Material provided:
---

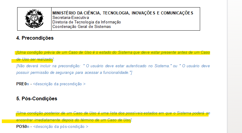 | 04 | Na especificação, há a definição de apenas um fluxo principal para cada caso de uso? | MCTIC - CGSI, p. 5 | Sim |
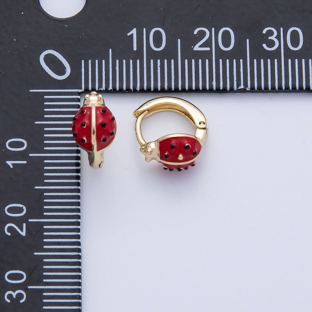 14K Gold Filled 12mm Ladybug Insect Enamel Huggie Earrings | Earrings-00075
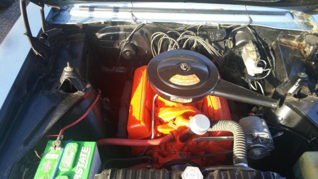 Factory 283 V8 3 speed column shift, manual steering, manual brakes.
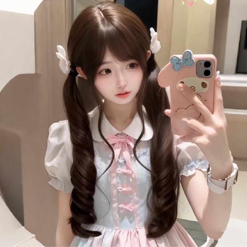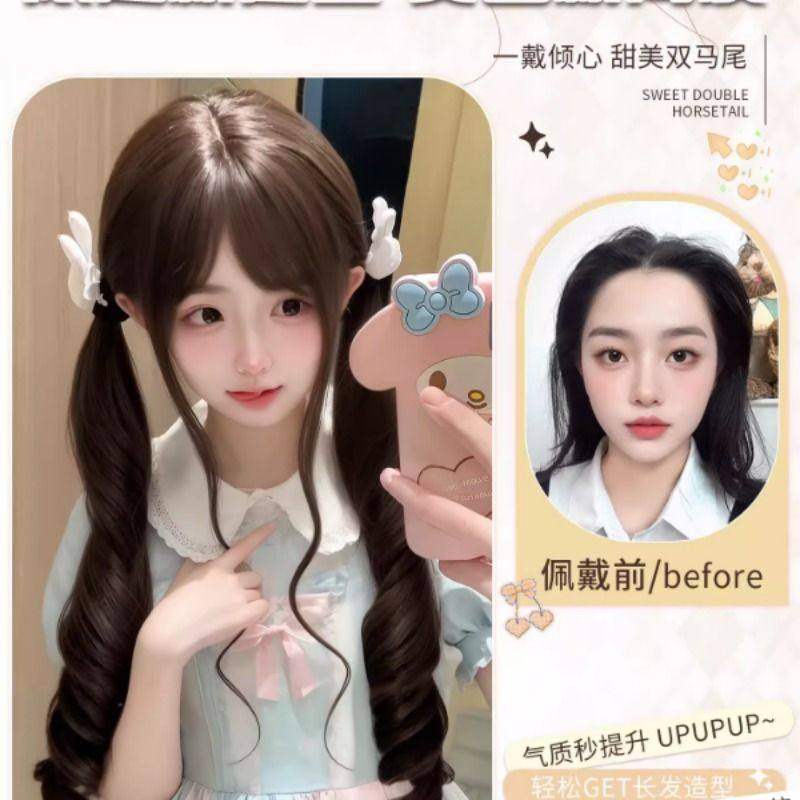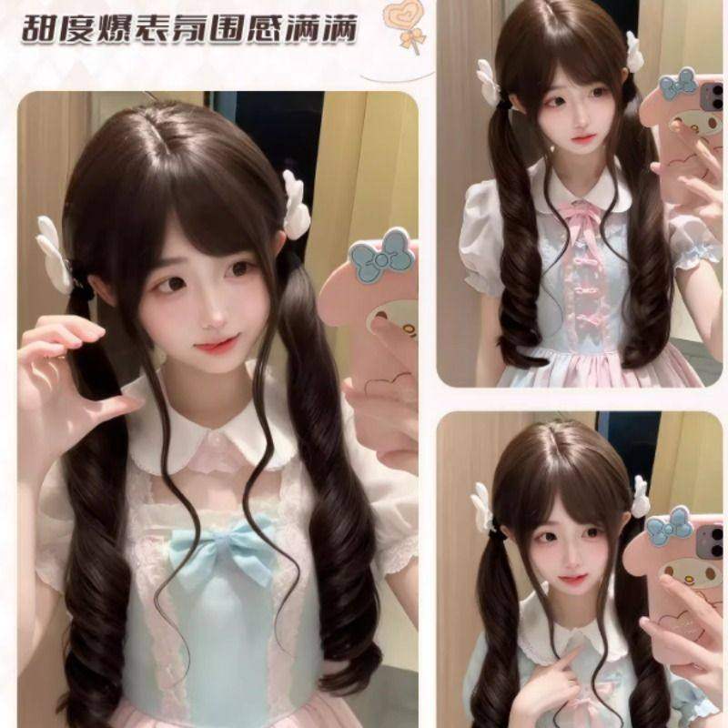心动循环lolita假发女双马尾长卷发扎好罗马卷甜妹全头套刘海

---

Work request: Write out exactly the lines from the line that contains "Factory 283 V8" to the last line of the material above, both included; pictures do not belong in the copy.

Solution to this problem:
 Factory 283 V8 3 speed column shift, manual steering, manual brakes.
心动循环lolita假发女双马尾长卷发扎好罗马卷甜妹全头套刘海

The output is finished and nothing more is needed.